So I am reading (or at least trying to get there) about spectral theory and the diagonalization problem.
To begin one considers how linear maps on finite dim spaces compare and relate. I am reading that of linear maps $T_i: V \to W $, they can be compared via
$$T_2U_2 = U_1T_1$$ for some invertible map $U_1: V \to W$ and $U_2: W \to V.$ This formulation suggests a square commutative diagram. IN other words, linear maps differed by an invertible map leads to the study of diagoalization.

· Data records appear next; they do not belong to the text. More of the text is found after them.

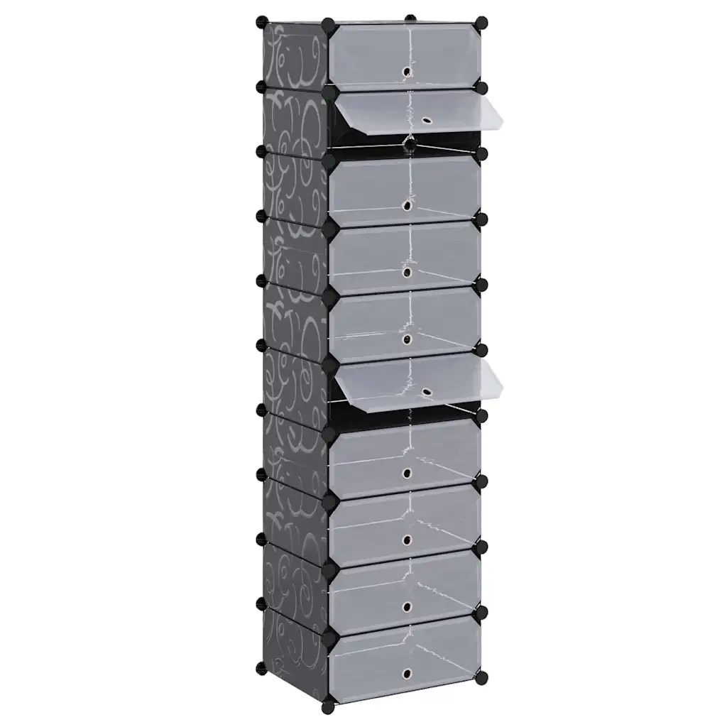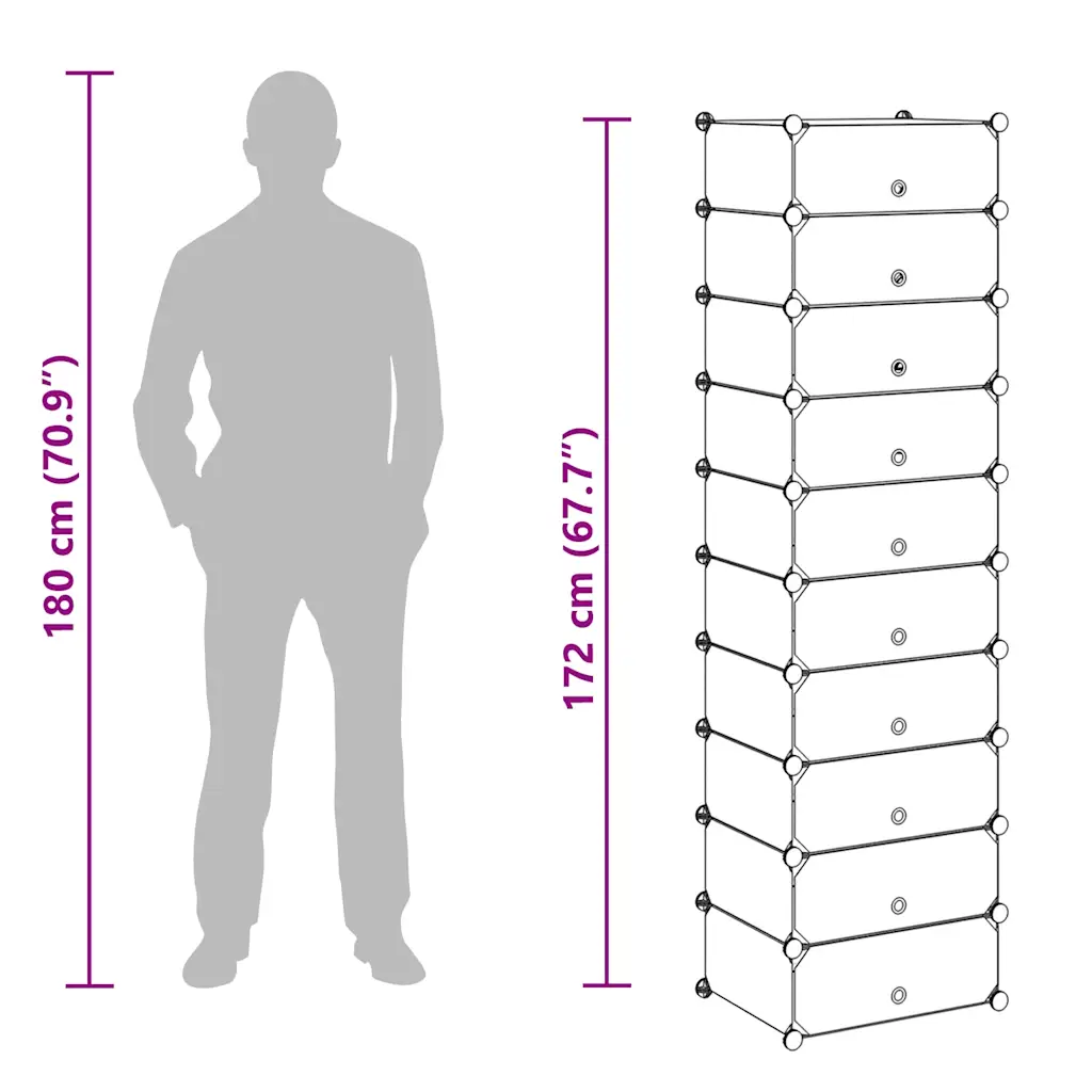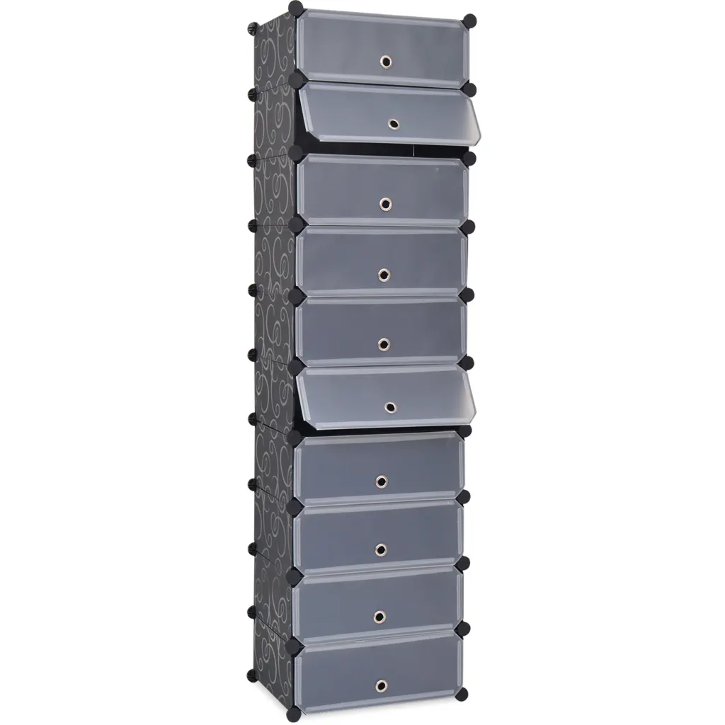 10-sektsiooniga jalatsikapp aitab hoida kogu pere jalanõud ühes kohas, kaitstuna tolmu eest ja kergesti leitavana. Kapp on valmistatud must-valgetest plastpaneelidest terasraamiga, mis muudab selle kergeks, kuid samas stabiilseks. Tänu kompaktsetele mõõtudele 47 x 37 x 172 cm sobib see hästi ka väikestesse esikutesse või garderoobidesse.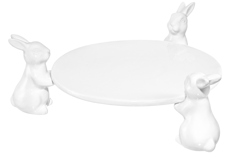 Блюдо сервировочное "Кролики" 30*30*10.5 см, размер блюда 23*23*1 см, размер кролика 5,5*5*10,5 см - каждый, расстояние от стола до нижнего края блюда 5,5 см, фарфор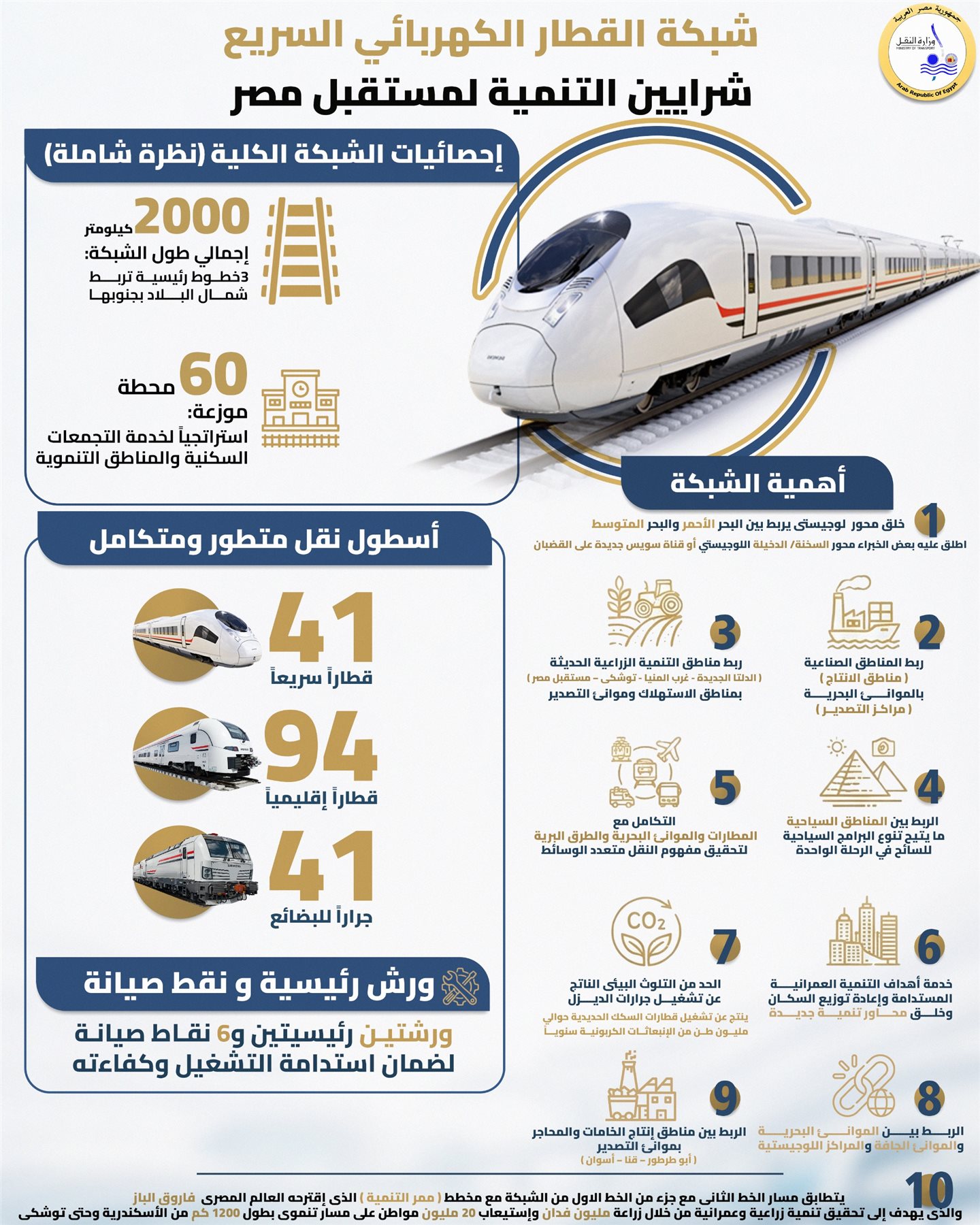 ولفت الوزير، إلى أهمية تنفيذ شبكة القطار الكهربائي السريع والتي تعتبر شرايين تنمية جديدة ستخدم المناطق العمرانية والصناعية الجديدة والقائمة، مثل المناطق الصناعية في (حلوان و15 مايو وبرج العرب والسادس من أكتوبر والمنيا الجديدة وأسيوط الجديدة وغيرها من المناطق الصناعية)، وكذلك خدمة المناطق السياحية (الثقافية والتاريخية والدينية والشاطئية) مثل المناطق السياحية في (الجيزة وسوهاج والأقصر وأسوان وأبو سمبل والبحر الأحمر) وغيرها من الأماكن السياحية الأخرى في مصر وخدمة المناطق الزراعية الجديدة سواء في الدلتا الجديدة او مستقبل مصر أو جنة مصر وغرب المنيا وتوشكي وشرق العوينات، وكذلك المساهمة في خلق محاور لوجستية تربط بين البحر الأحمر والبحر المتوسط، وشمال وجنوب البلاد وربط المناطق الصناعية (مناطق الإنتاج) بالموانئ البحرية (مراكز التصدير) كما انها توفر الاف من فرص العمل للشباب.

Now my question is, why can't the relation be $T_1 = T_2 U_1$? And to get back $T_1$ we take the inverse of $U_1$.
Consider $T_1,T_2:\mathbb R^2\to\mathbb R^2$ defined by \begin{align} T_1(x,y) &= (x,0)\\ T_2(x,y) &= (0,y), \end{align} with $x$ and $y$ nonzero. An invertible map $U_1:\mathbb R^2\to\mathbb R^2$ is of the form $$U_1(x,y) = (ax+by, cx+dy), $$ with $ad-bc\ne0$. So for $(x,y)\in\mathbb R^2$ we have $$T_2U_1(x,y) = T_2(ax+by,cx+dy) = (0, cx+dy), $$ which shows that $T_2U_1\ne T_1$.